The results concerning the nearly complete hypermethylation of the 14-3-3ς gene in normal lymphocytes (Figure 3) ▶ demonstrate the importance of microdissection that enables the isolation of pure morphologically defined cell populations. Laser microdissection also allows the direct comparison of neighboring intraductal and invasive tumor cells as illustrated in Figure 6 ▶ . It cannot be excluded that the traces of 14-3-3ς gene methylation <1% found in a minor portion of the microdissected samples could be because of single lymphocytes occasionally present in otherwise homogenous tumor cell populations.
During the preparation of this manuscript, Umbricht and colleagues 33 published results concerning the methylation of one of the four genes analyzed in this study, namely 14-3-3ς, in epithelial hyperplasia of the mammary gland and intraductal breast cancer cells that principally confirm the results presented in this study for this particular gene.

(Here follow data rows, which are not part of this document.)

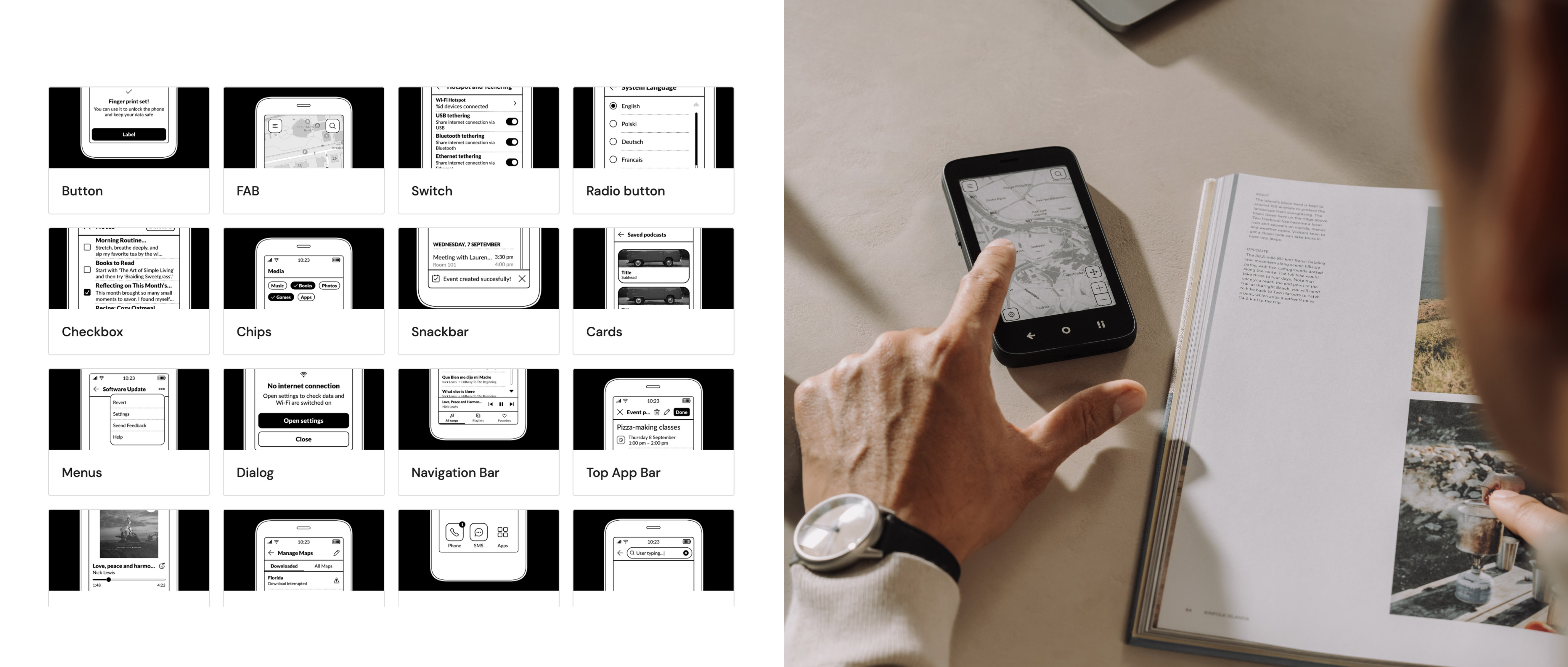 Designed UX/UI for Mudita OS, including system interfaces and applications across multiple hardware products:
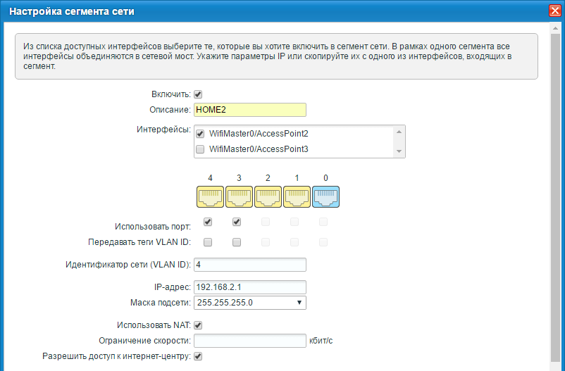С помощью сегментов сети можно создать дополнительную локальную сеть в интернет-центре.
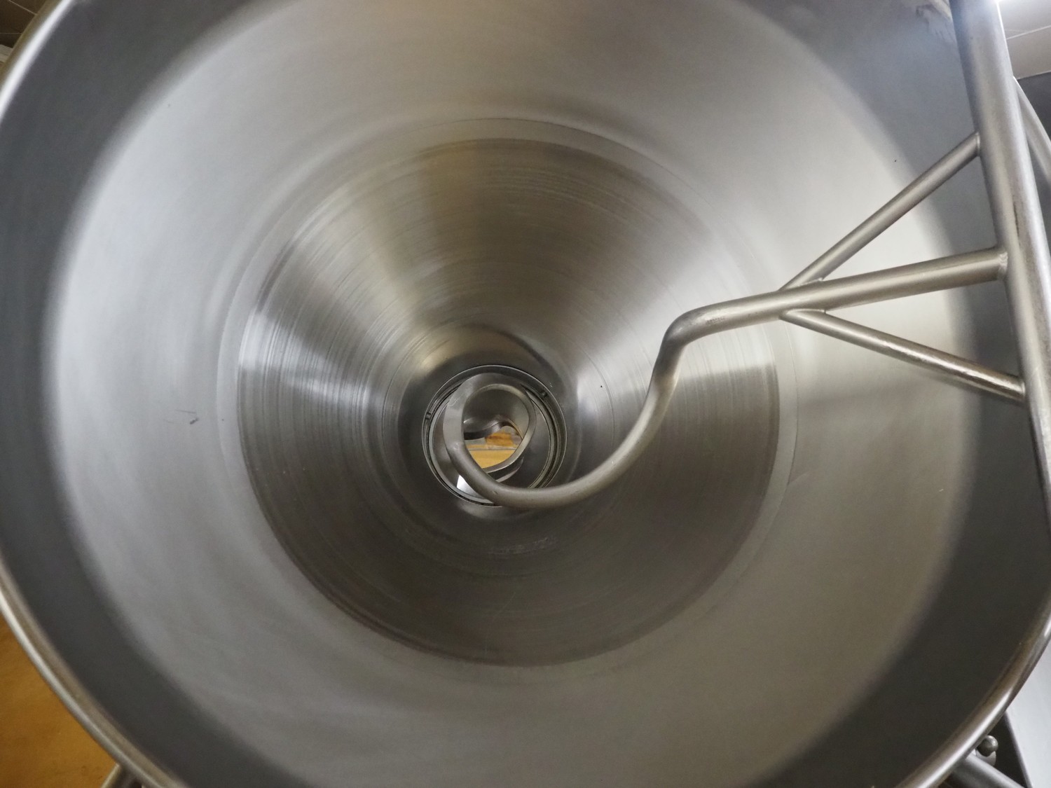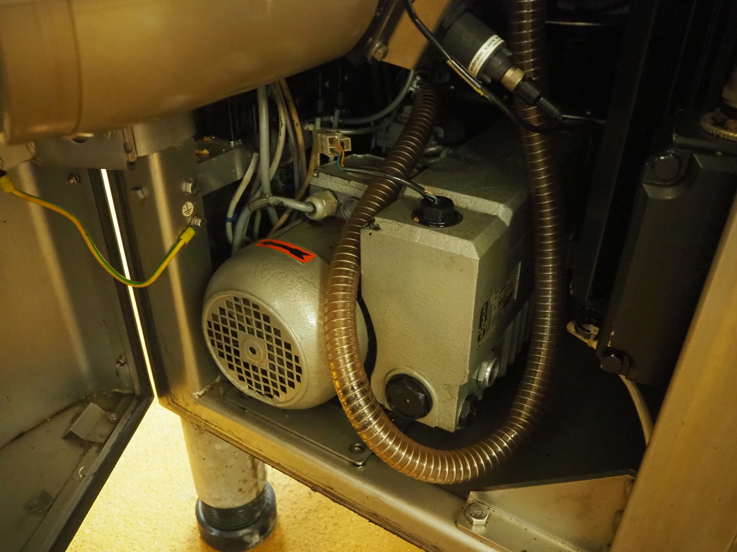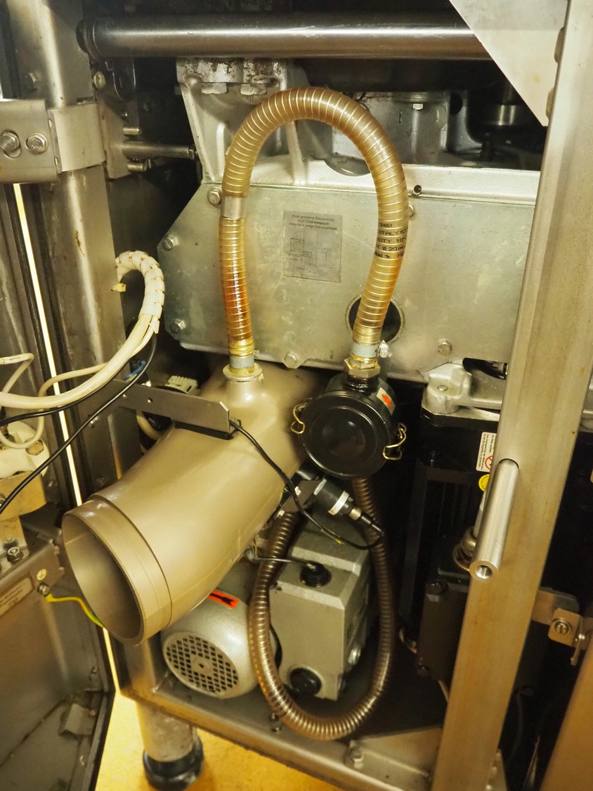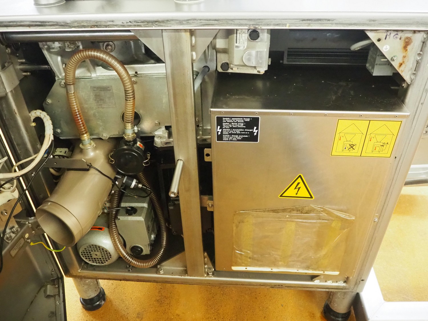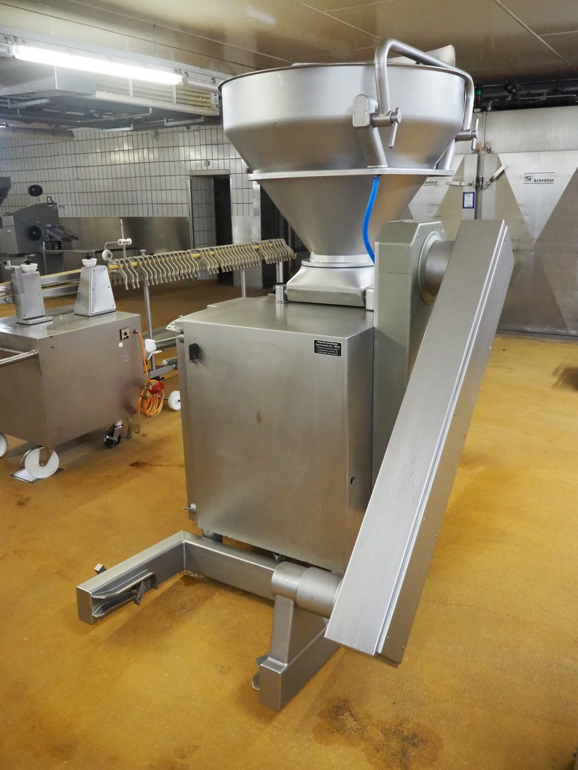 Handtmann vacuum filling machine with lifter for meat bins, type: VF630, number: 34943, year of construction: 2014, 400 V, 3 Ph, 50 Hz, 26 A, 18 kW, Busch vacuum pump, type: KB 0040 D IZO, number: 080088961, year of construction: 2008, capacity: 40 m³ per hour, dimensions: 1800 mm x 1400 mm x 2200 mm.

Aberrant hypermethylation was found in benign hyperplastic lesions of the mammary gland and in low-grade intraductal carcinomas. The most frequently and most heavily methylated gene was the recently identified putative tumor-suppressor gene RASSF1A. 34 This gene was methylated to a similar extent in intraductal papillomas and epithelial hyperplasia, but never in normal breast epithelium, lactating breast tissue, stromal cells, or lymphocytes (Figure 3) ▶ . This finding suggests that methylation of RASSF1A might be a new marker for nonphysiological epithelial proliferation in the breast.
The observed dichotomy concerning the methylation of the cyclinD2 gene in invasive carcinomas (Figure 7) ▶ may be explained by the opposing functions ascribed to the cyclin D2 protein during cell-cycle progression. The protein functions as activator of the cell cycle but also as inhibitor of proliferation and inducer of senescence depending on the cellular context. 35,36 This has to be addressed in future studies.
The changes in methylation levels could be because of epigenetic variations in a given clone (eg, loss of methylation capacity). Alternatively, they could be caused by clonal selection during tumor progression.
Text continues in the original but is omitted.